**Input for this task:**
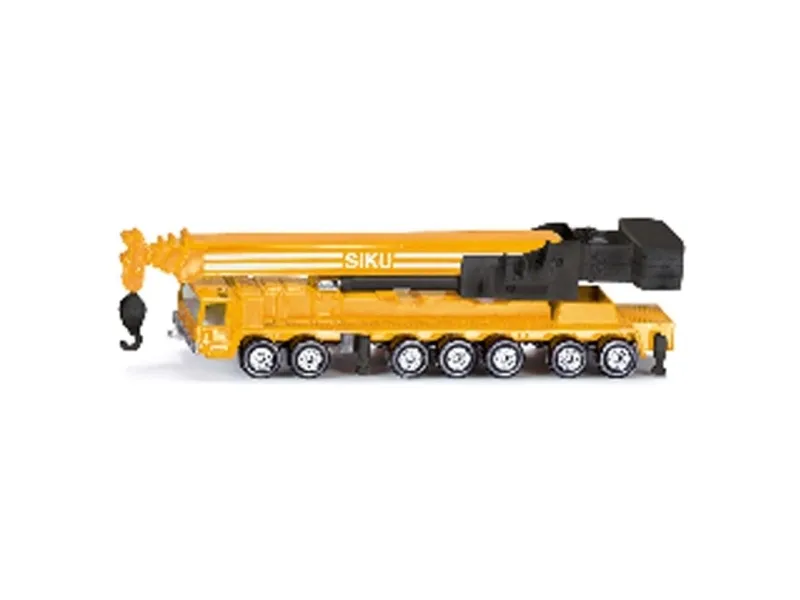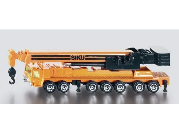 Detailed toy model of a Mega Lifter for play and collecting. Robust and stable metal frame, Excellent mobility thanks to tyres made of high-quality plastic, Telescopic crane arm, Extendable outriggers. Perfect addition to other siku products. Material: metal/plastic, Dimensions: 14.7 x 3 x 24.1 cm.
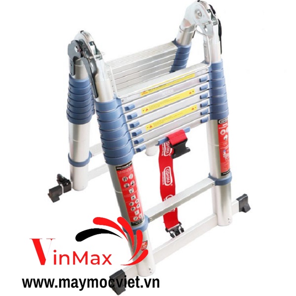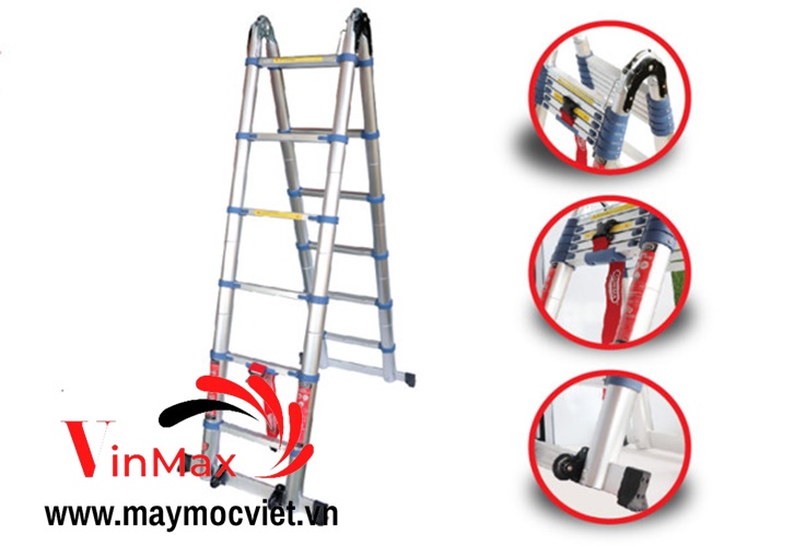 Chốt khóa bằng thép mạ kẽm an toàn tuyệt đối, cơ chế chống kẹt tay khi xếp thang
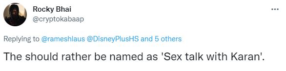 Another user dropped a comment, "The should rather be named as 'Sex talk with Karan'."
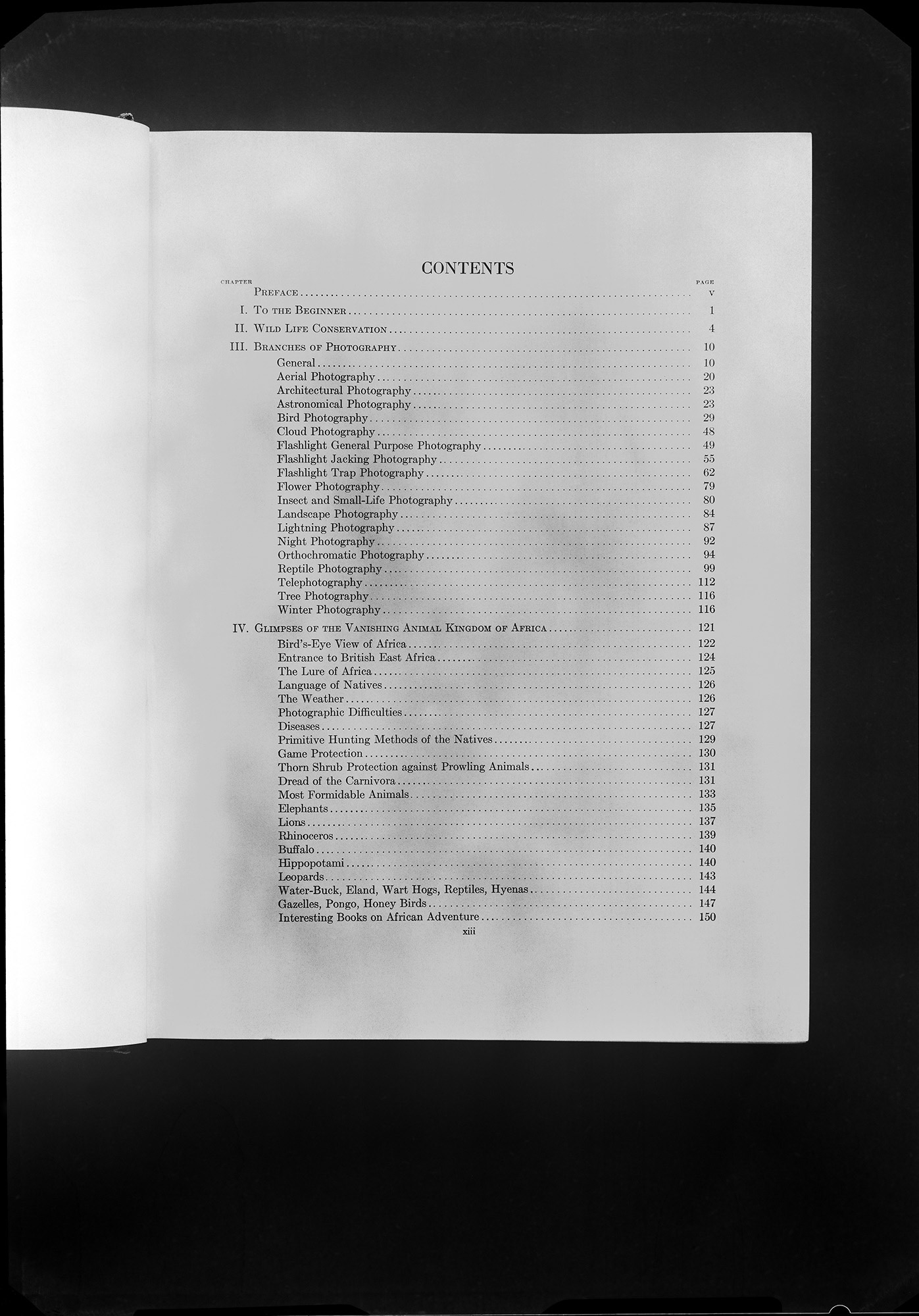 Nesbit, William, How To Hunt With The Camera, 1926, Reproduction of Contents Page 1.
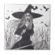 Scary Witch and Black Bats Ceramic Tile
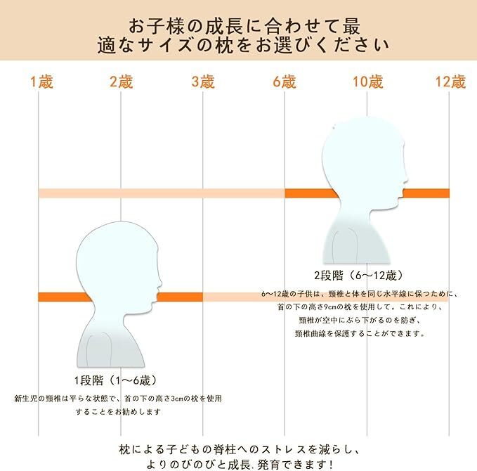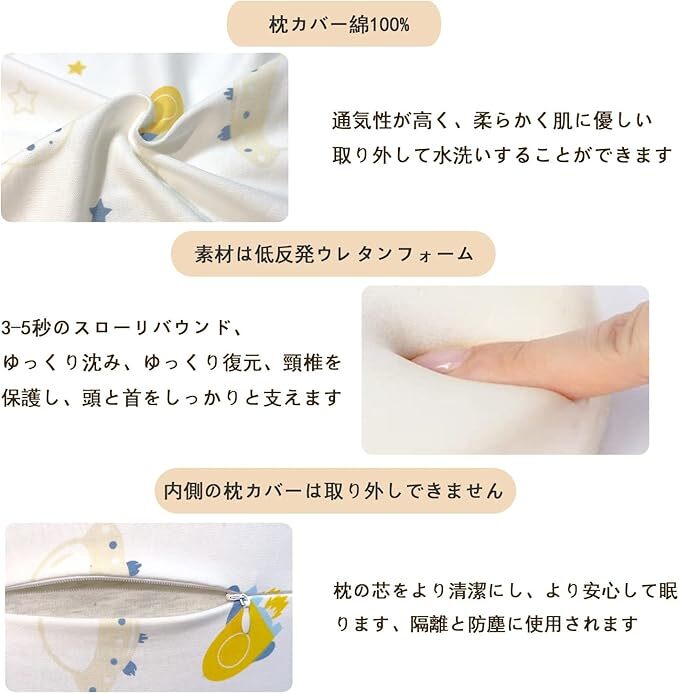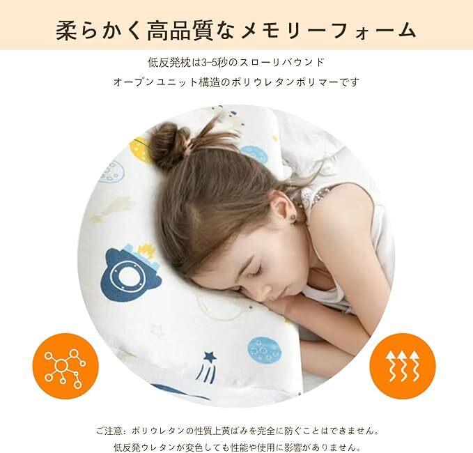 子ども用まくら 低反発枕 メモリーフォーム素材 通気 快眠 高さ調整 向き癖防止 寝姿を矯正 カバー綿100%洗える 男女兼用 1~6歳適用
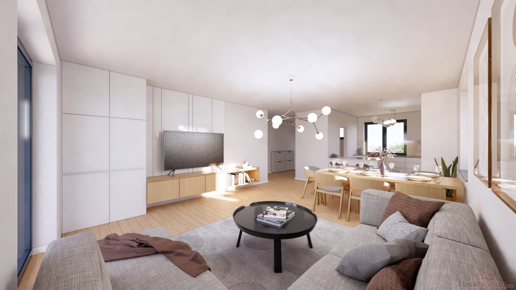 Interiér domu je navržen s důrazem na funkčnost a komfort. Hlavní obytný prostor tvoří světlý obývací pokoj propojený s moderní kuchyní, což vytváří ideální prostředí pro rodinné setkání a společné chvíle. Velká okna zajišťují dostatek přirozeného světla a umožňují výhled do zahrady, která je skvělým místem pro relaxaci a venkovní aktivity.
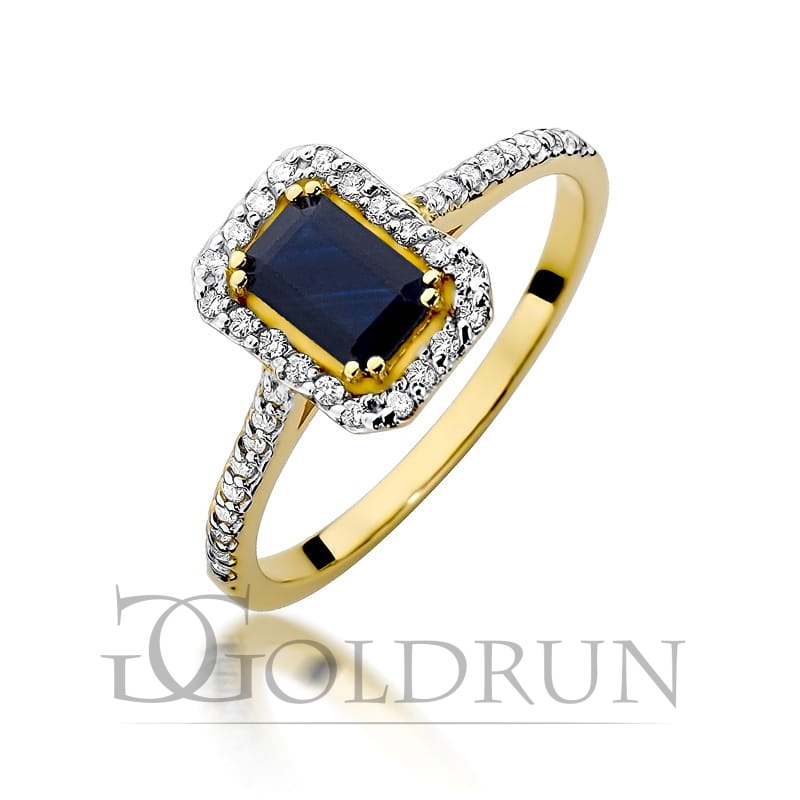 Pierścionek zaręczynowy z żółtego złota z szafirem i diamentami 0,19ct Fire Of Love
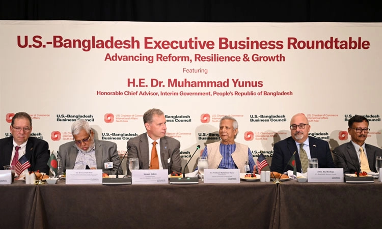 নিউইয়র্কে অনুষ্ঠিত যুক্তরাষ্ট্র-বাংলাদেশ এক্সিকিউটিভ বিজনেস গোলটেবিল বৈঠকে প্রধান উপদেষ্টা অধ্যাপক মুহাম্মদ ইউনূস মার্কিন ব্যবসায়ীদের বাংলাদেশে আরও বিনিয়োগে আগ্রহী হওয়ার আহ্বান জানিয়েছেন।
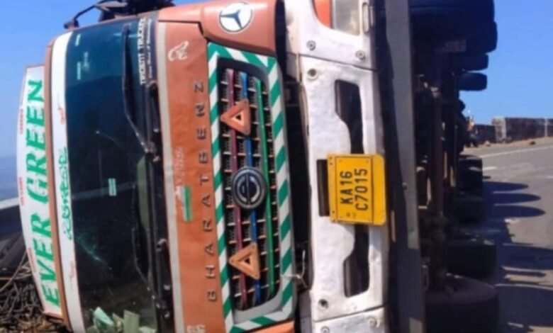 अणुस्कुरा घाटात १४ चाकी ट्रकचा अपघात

**Exercise objective:**
Set down word for word every line from the line containing "Another user dropped" through the last line of the entries, and nothing more; no pictures.

**Exercise response:**
 Another user dropped a comment, "The should rather be named as 'Sex talk with Karan'."
 Nesbit, William, How To Hunt With The Camera, 1926, Reproduction of Contents Page 1.
 Scary Witch and Black Bats Ceramic Tile
 子ども用まくら 低反発枕 メモリーフォーム素材 通気 快眠 高さ調整 向き癖防止 寝姿を矯正 カバー綿100%洗える 男女兼用 1~6歳適用
 Interiér domu je navržen s důrazem na funkčnost a komfort. Hlavní obytný prostor tvoří světlý obývací pokoj propojený s moderní kuchyní, což vytváří ideální prostředí pro rodinné setkání a společné chvíle. Velká okna zajišťují dostatek přirozeného světla a umožňují výhled do zahrady, která je skvělým místem pro relaxaci a venkovní aktivity.
 Pierścionek zaręczynowy z żółtego złota z szafirem i diamentami 0,19ct Fire Of Love
 নিউইয়র্কে অনুষ্ঠিত যুক্তরাষ্ট্র-বাংলাদেশ এক্সিকিউটিভ বিজনেস গোলটেবিল বৈঠকে প্রধান উপদেষ্টা অধ্যাপক মুহাম্মদ ইউনূস মার্কিন ব্যবসায়ীদের বাংলাদেশে আরও বিনিয়োগে আগ্রহী হওয়ার আহ্বান জানিয়েছেন।
 अणुस्कुरा घाटात १४ चाकी ट्रकचा अपघात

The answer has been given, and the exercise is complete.